Michael Kukula said...

Making my own saba :)

http://cookingwithrosetta.com/how-to-make-mosto-cotto/

Phil Sackett said...

I made this tonight, sans Saba, which I could not find at my local grocery store. I used some good balsamic and some wine instead. I also added a few more spices to the rub. Man, it was great! I made it for my parents, who are old-time food aficionados. They said it was one of the best lamb shanks they had ever eaten. Thanks for the spiffy recipe CJ. I probably use more of your recipes than anybody's at this point. Great stuff!!

Steve Miller said...

I have been wanting to make this since it first posted. So today is the day....Just finished the first roast and added the braising liquid. The kitchen smells fantastic.

Since I'm making 6 and my shanks are the larger version I doubled the rub quantities. Might have put too much cinnamon and paprika, but I'm hoping it comes out good.

Found the Saba at Napa Style in Los Gatos, CA. Wow it was $50 for 200ml (about 7oz). Stuff is expensive. My lamb was only $30.

I will come back later with the after eats comments. I'm sure it will be good.

Rick said...

I have is recipe a try today. You were right. I was fresh out of lamb stock so I used chicken.

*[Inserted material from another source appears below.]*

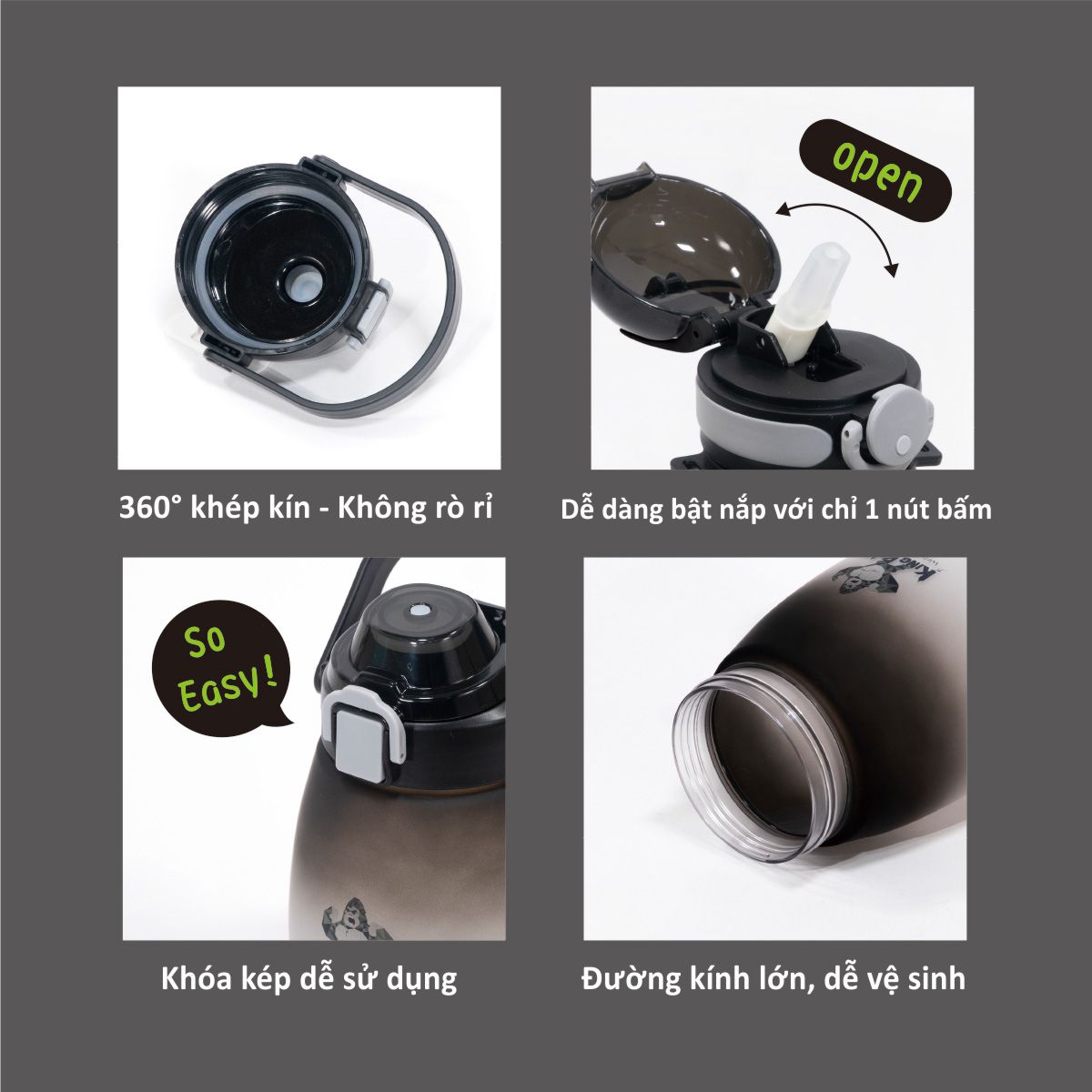- Bình nước được làm bằng vật liệu TRITAN chịu nhiệt độ cao cấp thực phẩm và không chứa BPA an toàn cho sức khoẻ của bé.
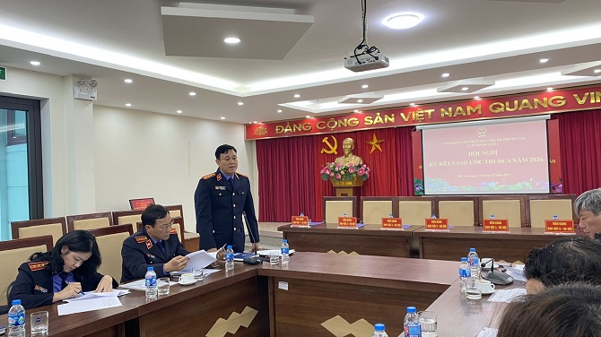 Phát biểu tại Hội nghị, đồng chí Phùng Xuân Giang – Viện trưởng Viện KSND khu vực 5 – Hà Nội (Cụm trưởng Cụm thi đua số 1 – Viện KSND thành phố Hà Nội năm 2026) nhấn mạnh: Việc Cụm thi đua số 1 – Viện KSND thành phố Hà Nội tổ chức Hội nghị ký giao ước thi đua nhằm phát huy tinh thần đoàn kết, đóng góp vào sự phát triển của ngành Kiểm sát nhân dân nói chung và Viện KSND hai cấp Thành phố nói riêng, tiếp tục phát huy những thành tích đạt được, nỗ lực phấn đấu cao nhất để thực hiện thắng lợi nhiệm vụ chính trị của Ngành, hưởng ứng các phong trào thi đua năm 2026 với chủ đề phong trào thi đua “Đoàn kết, đổi mới, trách nhiệm, vượt khó, hiệu quả, hoàn thành xuất sắc nhiệm vụ năm 2026”, do Viện trưởng Viện KSND tối cao phát động. Năm 2026, hứa hẹn sẽ là một năm Cụm thi đua số 1 có phong trào thi đua sôi nổi bởi tất cả các đơn vị trong Cụm đều đăng ký danh hiệu đơn vị đạt “Cờ thi đua dẫn đầu khối ngành KSND” và tất cả các đơn vị đều có từ 55 – 100% cán bộ đăng ký đạt danh hiệu “Chiến sĩ thi đua cơ sở”.

John, I hate to say this but the it just didn't work. You know how you felt about your rosemary pork and grape dish. This one was the same for me. It's not that I used too much rosemary, cinnamon or smokey paprika. The flavors just didn't dance well together. The paprika stepped on the cinnamon's toes and the lambiness from the shanks didn't fit.

Fortunately I have a few nice rib eyes for the guests who are due to arrive. I just can't bring myself to plate the lamb.

I'll keep coming back though because I sure enjoy your work.